11:00 AM AP+AS+MC+NS+SS-ThM-10 Atom Probe Tomography and Field Evaporation of Insulators and Semiconductors: Theoretical Issues
Hans Kreuzer (Dalhousie University, Canada)
After reviewing the physics and chemistry in high electrostatic fields and summarizing the theoretical results for Atom Probe Tomography of metallic tips, we turn to the new challenges associated with insulators and semiconductors with regard to local fields inside and on the surface of such materials. The recent (theoretical) discovery that in high fields the band gap in these materials is drastically reduced to the point where at the evaporation field strength it vanishes will be crucial in our discussion.
11:40 AM AP+AS+MC+NS+SS-ThM-12 Atom Probe Tomography Investigation of the Microstructure of Multistage Annealed Nanocrystalline SmCo2Fe2B Alloy with Enhanced Magnetic Properties
Xiujuan Jiang, Arun Devaraj (Pacific Northwest National Laboratory); Bala Balamurugan (University of Nebraska-Lincoln); Jun Cui (Pacific Northwest National Laboratory); Jeffrey Shield (University of Nebraska-Lincoln)

Permanent magnets have garnered great research interest for energy applications. The microstructure and chemistry of a permanent magnet candidate—SmCo2Fe2B melt-spun alloy—after multistage annealing was investigated using high resolution transmission electron microscopy (HRTEM) and atom probe tomography. The multistage annealing resulted in an increase in both the coercivity and magnetization as is desired for permanent magnets design. The presence of Sm(Co,Fe)4B (1:4:1) and Sm2(Co,Fe)17Bx (2:17:x) magnetic phases were confirmed using both techniques. Fe2B at a scale of ~ 5 nm was found by HRTEM precipitating within the 1:4:1 phase after the second-stage annealing. Ordering within the 2:17:x phase was directly identified both by the presence of antiphase boundaries observed by TEM and the interconnected isocomposition surface network found in 3D atom probe results in addition to radial distribution function analysis. These observed variations in the local chemistry after the secondary annealing were considered pivotal in improving the magnetic properties.

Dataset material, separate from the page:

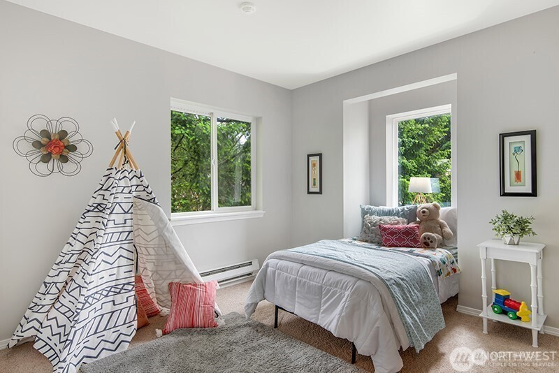 Enjoy your morning or evening beverages in your peaceful patio w/private green spaces on both sides! This end-unit townhome feels expansive and warm like a single-family home. Functional kitchen w/granite countertops & cozy eating nook. Owner's suite offers vaulted ceilings, walk-in closet, & 5-piece bath. Other wow features include beautiful hardwoods, tall ceilings, cozy living room w/fireplace, large great room, dining, sunlit windows, private patio, & two-car attached garage. Well maintained Ashford Park 2 neighborhood w/trails & hiking area nearby. Minutes from RTC, Marymoor Park, Perrigo Park, Park n Ride, New light Rail station, Costco, & other major stores. Close to MS and other employers. Award winning LWSD.

12:00 PM AP+AS+MC+NS+SS-ThM-13 Detector Dead-time Effects on the Accurate Measurement of Boron in Atom Probe Tomography
Frederick Meisenkothen (National Institute of Standards and Technology (NIST)); Ty Prosa (CAMECA Instruments Inc.); Eric Steel (NIST); R.Prakash Kolli (University of Maryland, College Park)

The atom probe tomography (APT) instrument uses a time-of-flight (TOF) mass spectrometer to identify ions that are field ionized and evaporated from the apex of a needle-like nano-tip specimen. A pulse event, either laser or voltage, is used to trigger field evaporation and to initiate the timing sequence for the mass spectrometer. Ideally, a single atom is field evaporated during a single pulse event. However, it is also common to have multi-hit detection events where more than one ion strikes the detector between pulses. For reasons not completely understood, some elements, such as boron, are prone to field evaporate in multi-hit detection events when compared to other elements, and a large fraction of the boron signal is reportedly lost during acquisition. Obtaining an improved understanding of the field evaporation behavior of boron at different concentration levels, in view of the limited ability of the detection system to resolve multi-hit detection events, may lead to new ways to compensate for the boron signal loss.

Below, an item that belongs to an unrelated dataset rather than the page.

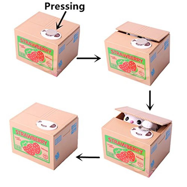5. The animal head rises to jack up the box cover,and its hand will take the coin into the box.

A nominally pure boron sample was chosen as a high boron concentration material while the boron implanted silicon, NIST-SRM2137, (1E15 atoms cm-2 retained dose) was chosen as the low boron concentration material. A dual-beam FIB/SEM instrument, with an insitu lift-out system, was used to prepare the APT specimen tips from the bulk materials. A laser pulsed LEAP 4000X Si* instrument was used to acquire APT data sets for each of the specimen tips. Custom software scripts were used to filter the data sets and extract the ion information associated with specific search criteria, e.g. event multiplicity, which is the number of ions within a given multi-hit event. Ion correlation analysis was used to graphically demonstrate the detector dead-time effect. In the present work, more than 60% of the detected boron signal resided within the multi-hit detection events, for both the high and low boron concentration samples.

* Certain commercial equipment, instruments, or materials are identified in this paper in order to specify the experimental procedure adequately. Such identification is not intended to imply recommendation or endorsement by the National Institute of Standards and Technology, nor is it intended to imply that the materials or equipment identified are necessarily the best available for the purpose.